I probably read a dozen cancer stories this year that moved me to my core, but none more than this piece by Dr. Peter B. Bach about the final winter with his beloved wife, Ruth. Read it armed with a box of tissues.
Never miss a story by Patrick Radden Keefe. Everything he writes is so damn good. This story detailing the capture of the most wanted fugitive on the planet, “El Chapo,” will mesmerize you. No surprise: the piece was optioned in November to be a major motion picture.
Billy Joel has become, like Sinatra, “the hood ornament for the greatest city on earth.” I’m not afraid to admit I love Billy Joel; I’ve seen him in concert five times. Or is it six? And I’m also not ashamed to admit Nick Paumgarten has delivered one of my favorite profiles of this year or any year.
I remember envying at least a half-dozen Texas Monthly stories in 2014. This was the one that lodged closest to my heart: the wondrous Pamela Colloff’s unforgettable portrait of a woman who witnessed 278 executions.
Riveting reporting, beautifully told. Journalists covering the 2013 Boston Marathon bombings, and their aftermath, have produced so much heroic, unforgettable journalism. Susan Zalkind’s piece just may be the best of them all.
Phillips gets my vote for best writer covering sports today. Not only did he get me to read 10,000 words on sumo wrestling and Japan, but he got me to recommend it to everyone I know.
Got a day? Go back and read all of Thompson's awesome work from World Cup 2014. Got an hour? Follow Thompson as he tries to understand one of soccer's most complexing stars.
You will come to care for these characters as Ballard sends them hurtling towards Earth.

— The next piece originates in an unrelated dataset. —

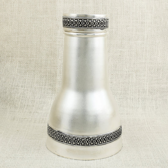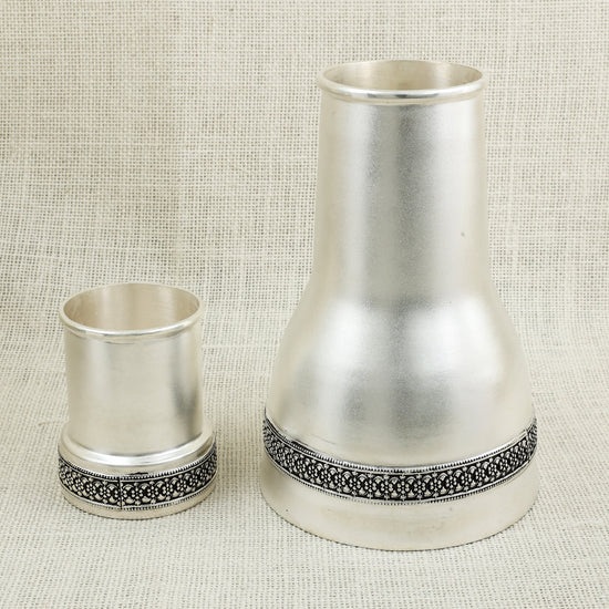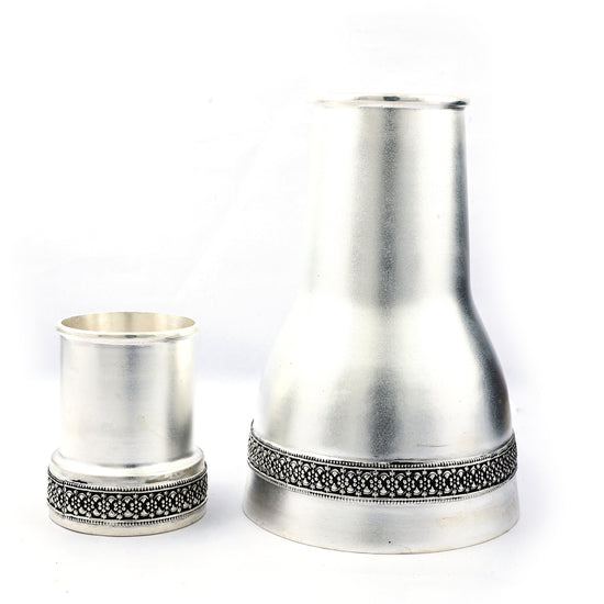 Experience the beauty of simplicity with this finely crafted silver water jug and glass set. Featuring a smooth matte finish with a delicate handcrafted border, this set embodies sophistication and timeless elegance. Designed for both functionality and style, it is a perfect addition to your dining collection, making every sip feel luxurious. Ideal for home use, gifting, or special occasions.

I still remember the sweat I felt after reading this story that will make your heart race and then make it melt.
Yasiel Puig is one of baseball's most exciting players, and he has a backstory to match. By the time you finish the detailed ride Katz has set up, you might view Puig's antics differently.

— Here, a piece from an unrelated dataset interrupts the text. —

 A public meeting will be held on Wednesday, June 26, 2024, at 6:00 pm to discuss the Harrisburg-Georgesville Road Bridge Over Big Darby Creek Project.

Kruse does not write about sports often, but when he does, it's usually special. His lyricism in detailing the death of Devaughn Darling during a practice and the toll it took on Darling's family is hard to forget.

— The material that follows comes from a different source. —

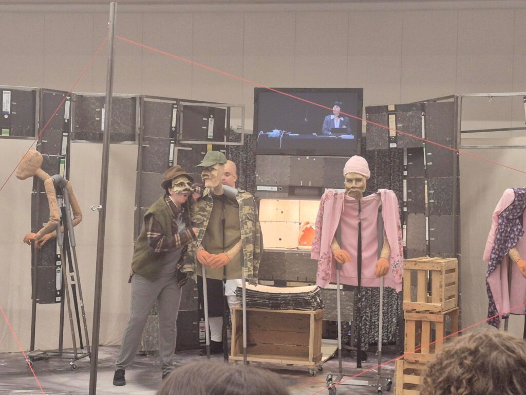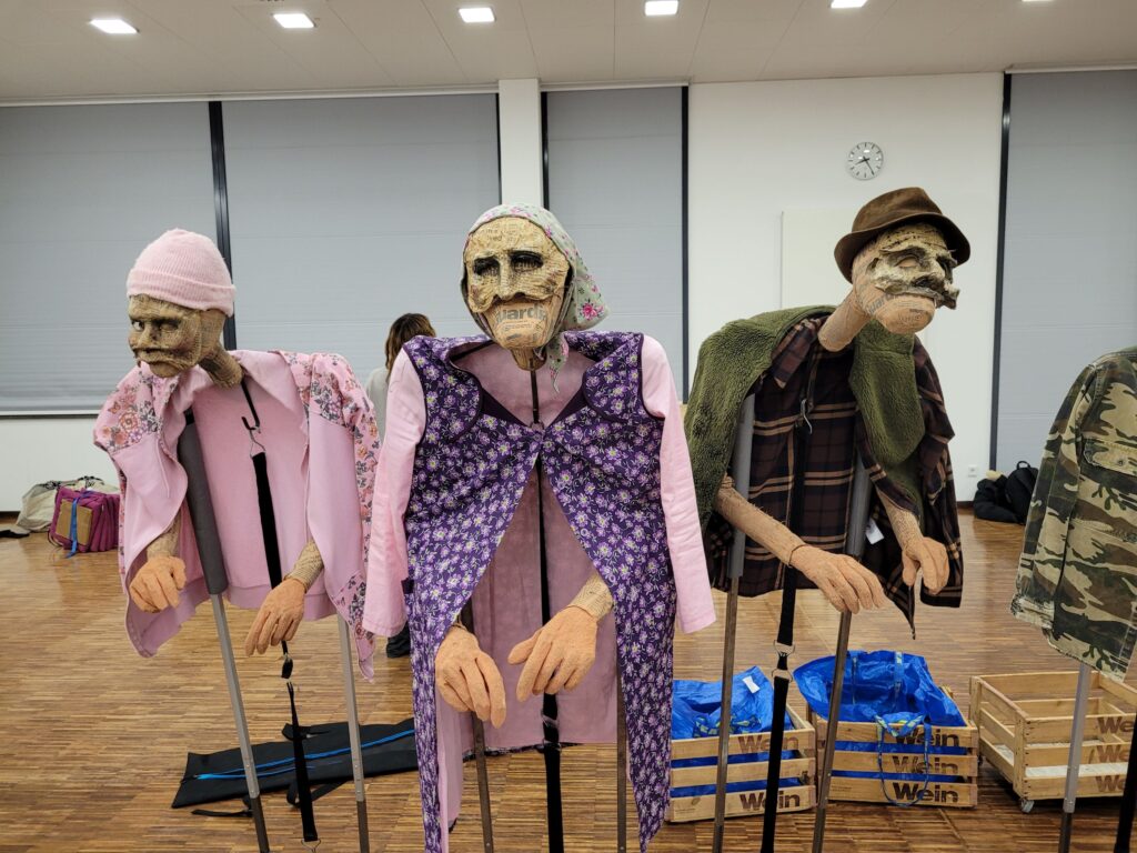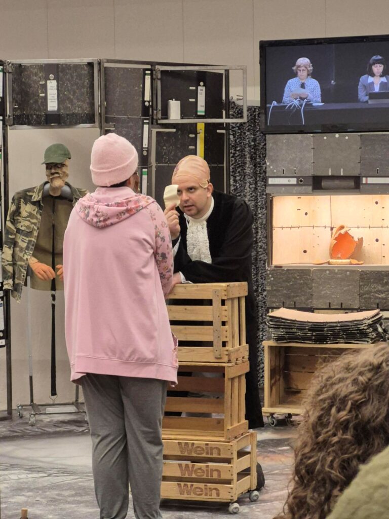 Das „THEATERmobileSPIELE“ aus Karlsruhe gastierte am Freitag, den 7.11.2025, mit zwei Aufführungen an unserer Schule. Das kleine aus zwei Schauspielern bestehende Ensemble brachte in der Aula Heinrich von Kleists „Der zerbrochne Krug“, ein Lustspiel in 13 Auftritten, zweimal zur Aufführung. Für das „Klassenzimmertheater“, das nach eigenem künstlerischem Selbstverständnis auf eine „intime Spielsituation“ Wert legt, Normalität aufbrechen und „Alltagsräume verwandeln“ will, wurde der Jahrgang der 12. Klasse des Beruflichen Gymnasiums, sieben Deutschkurse, in zwei Gruppen aufgeteilt. Von dem romantischen Imperativ „Poetisiert Euch!“ hatten alle Schülerinnen und Schüler schon gehört, Kleists Theater war für die meisten eher Neuland.

This story feels straight out of an earlier time, in the best of ways--the kind of extensive, illuminating profile of one of sports' most powerful men that is unfortunately rare in today's age of restricted access. The only reason this story isn't listed above is because it is here. --JDHF
Last summer, Jacob was an intern for The Miami Herald, where I interned twice and started my career. This piece, like much of Jacob’s work, pops off the page (in this case, the Herald’s prep school page): Scott Olsen, the former Marlins pitcher who had a few troubles as a pro, is attempting to rebuild his own reputation and a high school baseball program at the same time. --DVNJr
With the historic news about the Obama administration’s easing of US sanctions against Cuba, it’s a fine time to begin trying to remember, soon enough, what it will no longer be like on the island 90 miles from Miami. In 2012, in The New York Times Magazine, John Jeremiah Sullivan, asked: Where is Cuba going? The answer is the usual JJ Sullivan: smart and personal, wonderfully told, extremely funny and, sure enough, dead-on prescient.
LEDE OF THE YEAR:
"The hermit set out of camp at midnight, carrying his backpack and his bag of break-in tools, and threaded through the forest, rock to root to rock, every step memorized. Not a boot print left behind. It was cold and nearly moonless, a fine night for a raid, so he hiked about an hour to the Pine Tree summer camp, a few dozen cabins spread along the shoreline of North Pond in central Maine. With an expert twist of a screwdriver, he popped open a door of the dining hall and slipped inside, scanning the pantry shelves with his penlight."
“I don’t know if you could call it a kidnapping, because we had gone there voluntarily, but we also weren’t free to leave.... If they didn’t receive the money, they were saying that at any moment they might give him a machetazo”—a whack with a machete—“chop off an arm, a finger, whatever, and he would never play baseball again, not for anyone.”